→ PROVIDED DATA:
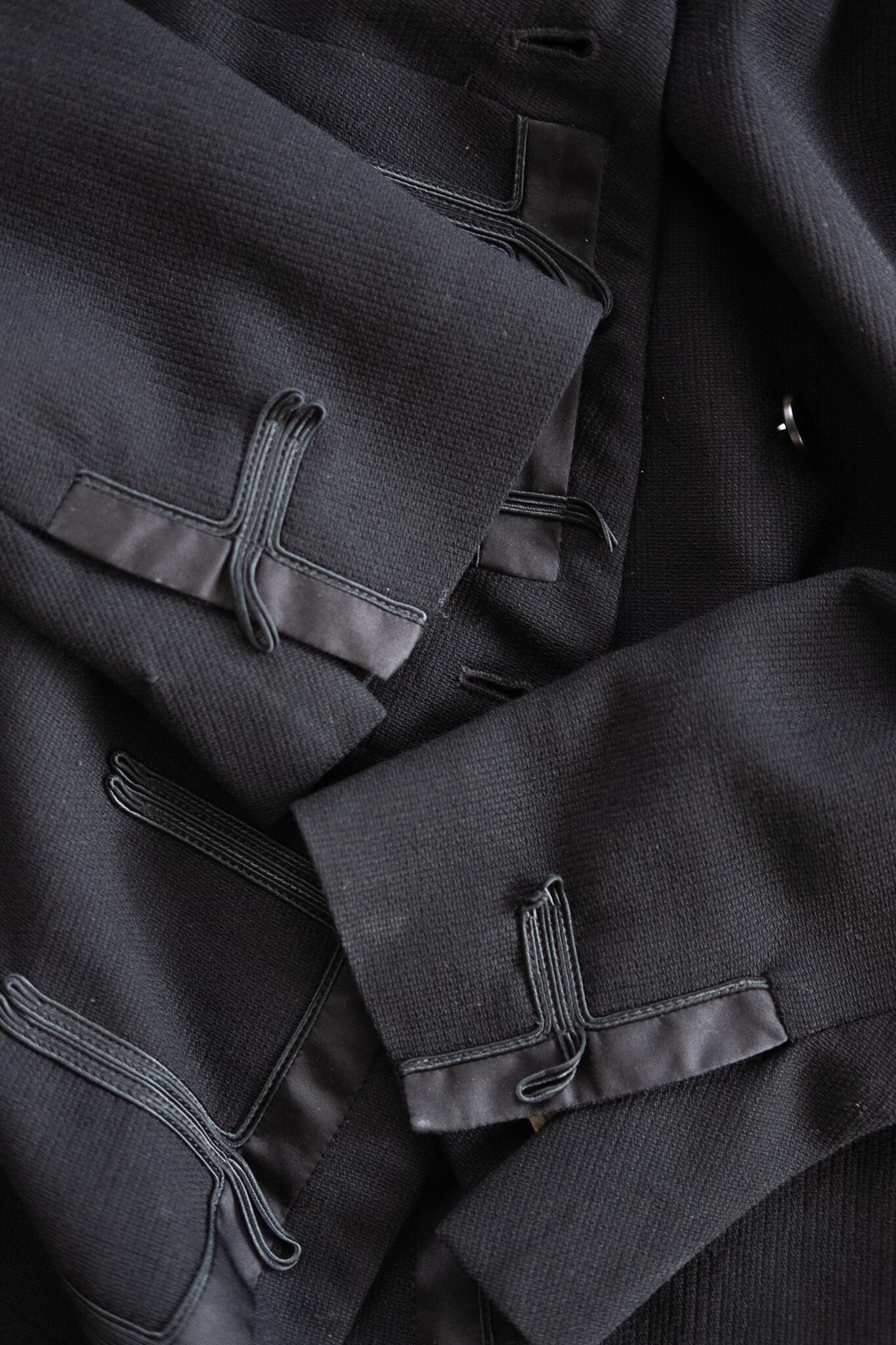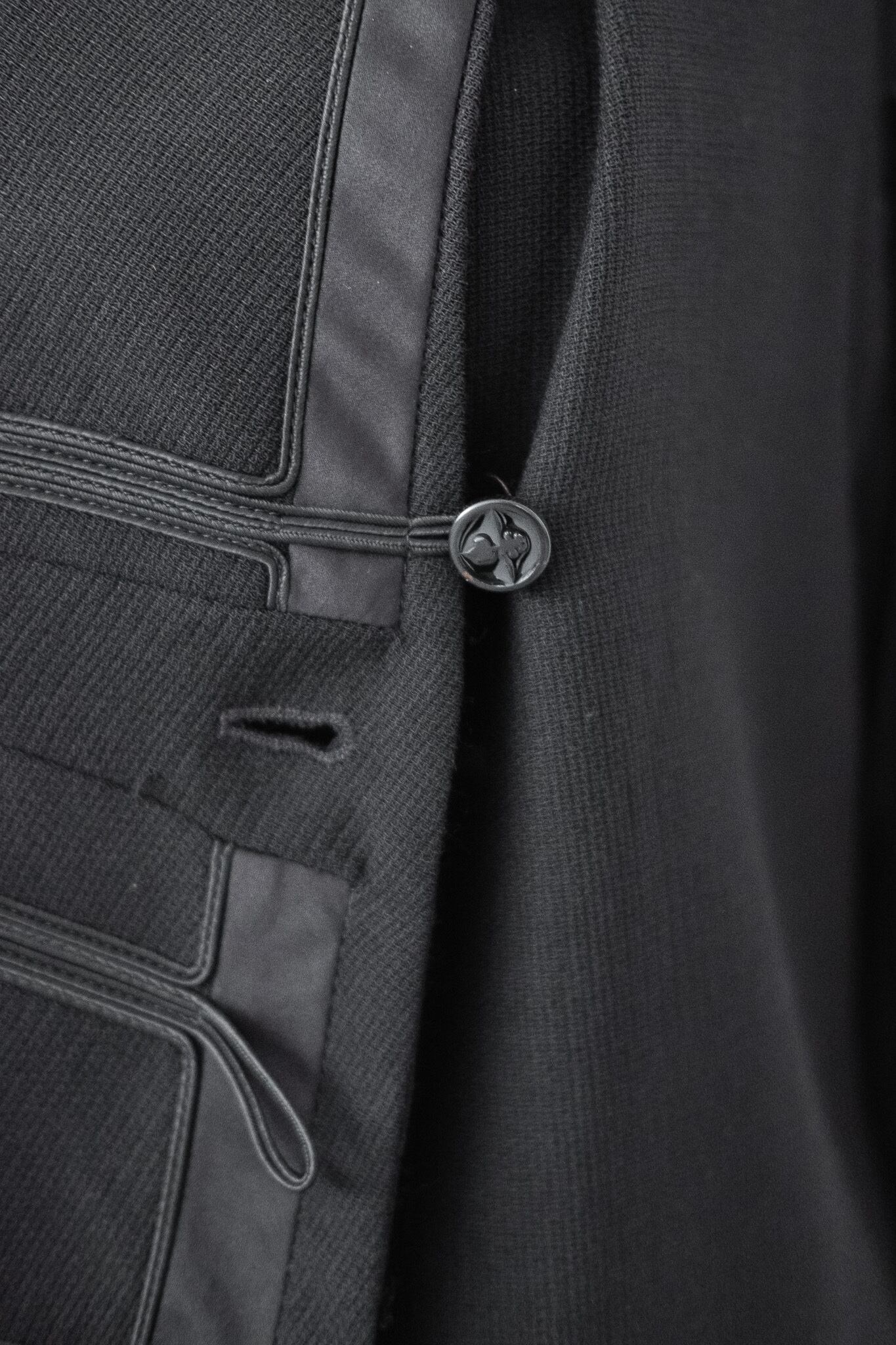 フロントには斜めに走るアシンメトリーの前合わせを採用し、複数のループとボタンで留める独自のクロージャーを配置。左右の均整をあえて崩すことで、視覚的なインパクトと動きのあるシルエットを両立させています。軍服由来の装飾的要素を取り入れながらも、それをそのまま踏襲するのではなく、モードとして再解釈する姿勢こそジルボーらしさの真骨頂といえるでしょう。
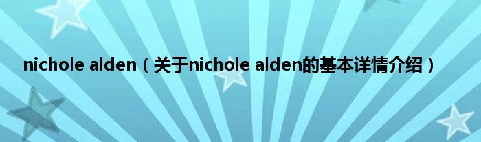本文关于nichole alden的基本详情介绍就讲解完毕,希望对大家有所帮助。
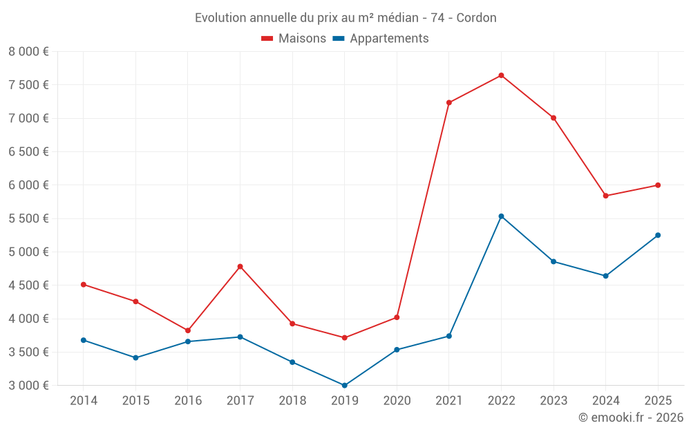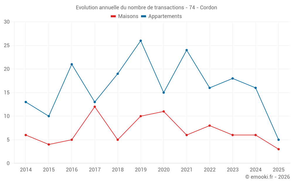 Le prix médian sur les 32 transactions d'appartements des 24 derniers mois dans la commune de Cordon était de 4 720 € par mètre carré pour une valeur foncière médiane de 193 700 €. Sur cette période 60% des transactions se sont situées entre 3 663 et 6 153 € par mètre carré (du 2ème au 8ème déciles).
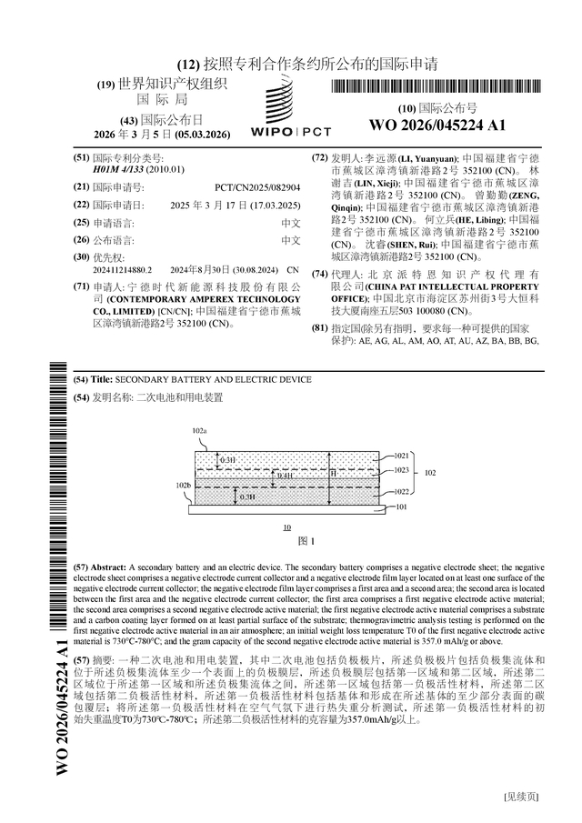 证券之星消息,根据企查查数据显示宁德时代(300750)公布了一项国际专利申请,专利名为“二次电池和用电装置”,专利申请号为PCT/CN2025/082904,国际公布日为2026年3月5日。

→ WHAT THE TASK REQUIRES: Each line from the one containing "Le prix médian" through the last line above should be retyped exactly, and no other line. Any picture is to be left out.

→ EXERCISE ANSWER:
 Le prix médian sur les 32 transactions d'appartements des 24 derniers mois dans la commune de Cordon était de 4 720 € par mètre carré pour une valeur foncière médiane de 193 700 €. Sur cette période 60% des transactions se sont situées entre 3 663 et 6 153 € par mètre carré (du 2ème au 8ème déciles).
 证券之星消息,根据企查查数据显示宁德时代(300750)公布了一项国际专利申请,专利名为“二次电池和用电装置”,专利申请号为PCT/CN2025/082904,国际公布日为2026年3月5日。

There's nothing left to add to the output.